= Daulis (mythology) =

In Greek mythology, Daulis (Ancient Greek: Δαυλίς) and at a later stage Daulia (Ancient Greek: Δαυλία) and Daulion (Ancient Greek: Δαύλιον) was the name of a mythological figure and Davleia, the city in Phocis, is named after her. Daulis was the hometown of Tereus, Thracian king and also the city at the end of the road not taken by Oedipus.

== Family ==
According to Homer, it was said to be named either in reference to the woody character of the area or after a nymph Daulis, a daughter of the river-god Cephissus.

== Mythology ==

=== Nymph ===
"They say that the name of the city is derived from Daulis, a nymph, the daughter of the Cephisus. Others say that the place, on which the city was built, was wooded, and that such shaggy places (dasea) were called daula by the ancients..

=== Place ===
Here in Daulis the women are said to have served up to Tereus his own son, which act was the first pollution of the dining-table among men.
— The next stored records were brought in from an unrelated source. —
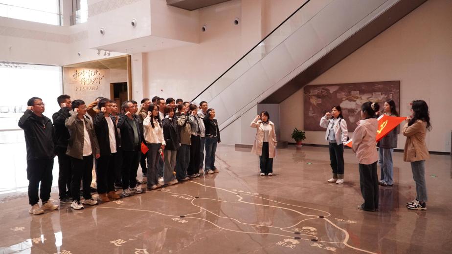 在博物馆四楼大厅,医学影像诊断中心主任、MRI党支部书记雷晓燕带领26名党员重温入党誓词。随后,党员通过沉浸式沙盘了解了秦岭4亿年的地质演变及其在中国自然与人文格局中的重要意义。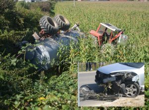 Naime, oko 13:30 časova na magistralnom putu Prijedor-Sanski Most u mjestu Ništavci došlo je do nezgode u kojoj su učestvovali putnički automobil “VW Tuareg” i traktor “Steyr” sa cisternom.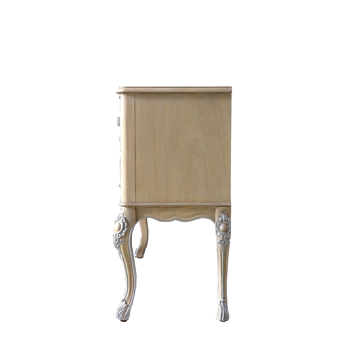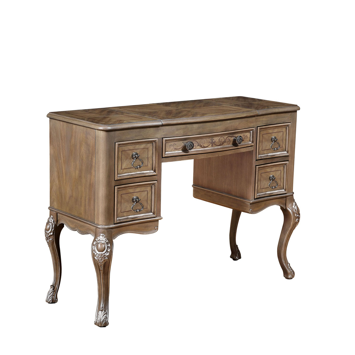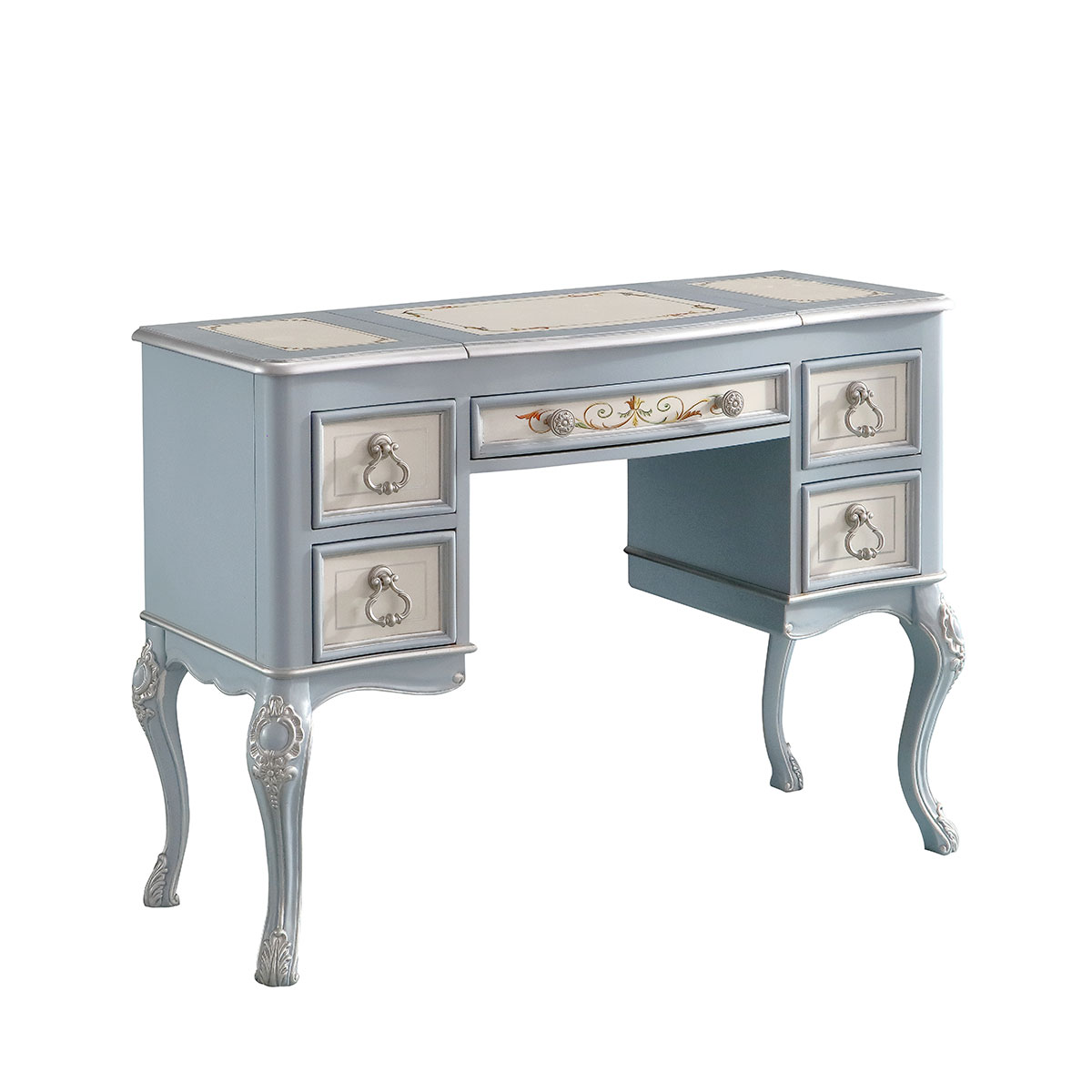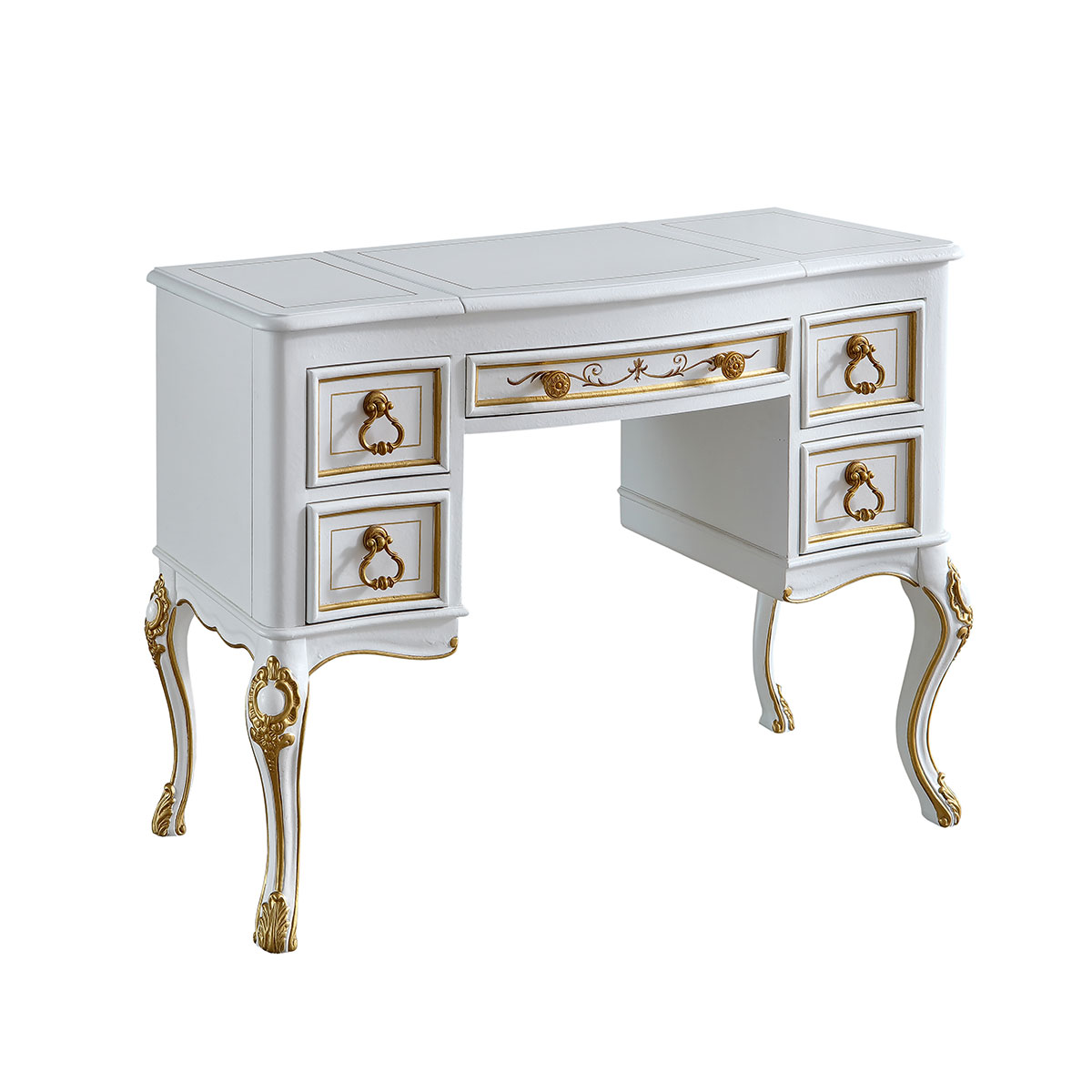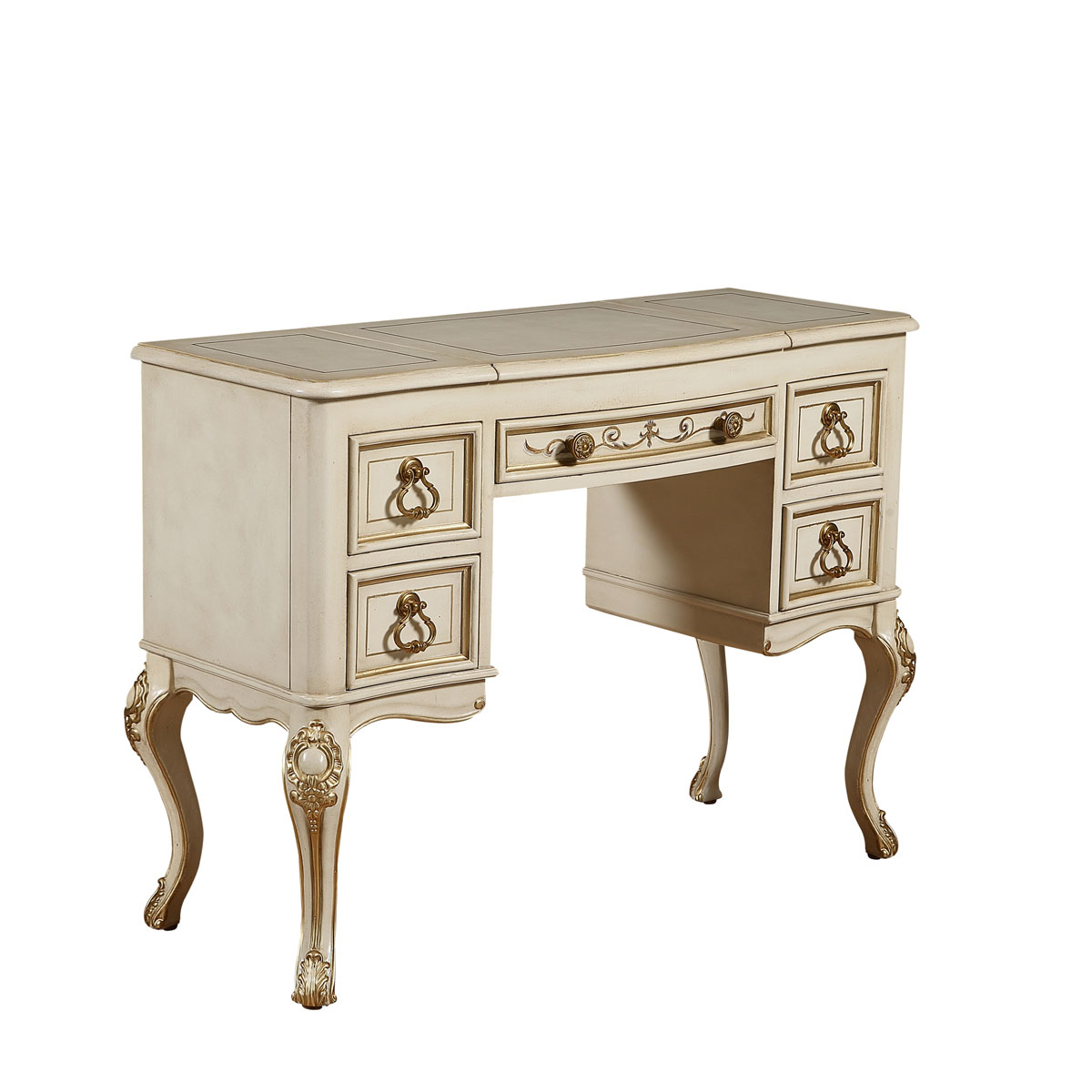 * 四個儲物抽斗,底部采用硬木實木滑軌.中間抽斗的設計可翻下斗面,用來放置鍵盤,抽斗內側有電線孔,抽斗兩邊裝有兩條三節消聲鐵滑軌,滑順耐用; * 中間面板可打開,里面有鏡子和絨布戒指格; * 腳底部裝有可調腳釘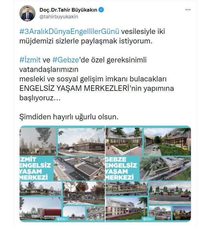 Kocaeli Büyükşehir Belediye Başkanı Tahir Büyükakın, sosyal medya hesabından İzmit ve Gebze'ye yeni birer engelsiz yaşam merkezi kuracaklarını duyurdu. Büyükşehir, özel gereksinimli vatandaşlar için kuracağı merkezde hidroterapi havuzları ve gündüz bakım birimleri, özel eğitim sınıfları, beceri geliştirme ve meslek edinme atölyeleri, spor ve aktivite salonları, kültürel ve sanatsal gelişim akademileri, kütüphaneler, dinlenme ve sosyal alanlar bulunacak. Merkezde ayrıca zihinsel engelli, down sendromlu, otizm tanılı, bedensel engelli, işitme engelli, görme engelli, süreğen engel gruplarındaki tüm vatandaşlar için uzman personel eşliğinde sosyal gelişim imkanları sunulacak.

The hoopoe, into which the legend says Tereus was changed, is a bird a little larger than the quail, while the feathers on its head rise into the shape of a crest.It is noteworthy that in Phocis swallows neither hatch nor lay eggs; in fact no swallow would even make a nest in the roof of a house. The Phocians say that even when Philomela was a bird she had a terror of Tereus, and so kept away from his country. At Daulis is a sanctuary of Athena with an ancient image. The wooden image, of an even earlier date, the Daulians say was brought from Athens by Procne.In the territory of Daulis is a place called Tronis. Here has been built a shrine of the Founder hero. This founder is said by some to have been Xanthippus, a distinguished soldier; others say that he was Phocus, son of Ornytion, son of Sisyphus. At any rate, he is worshipped every day, and the Phocians bring victims and pour the blood into the grave through a hole, but the flesh they are wont to consume on the spot."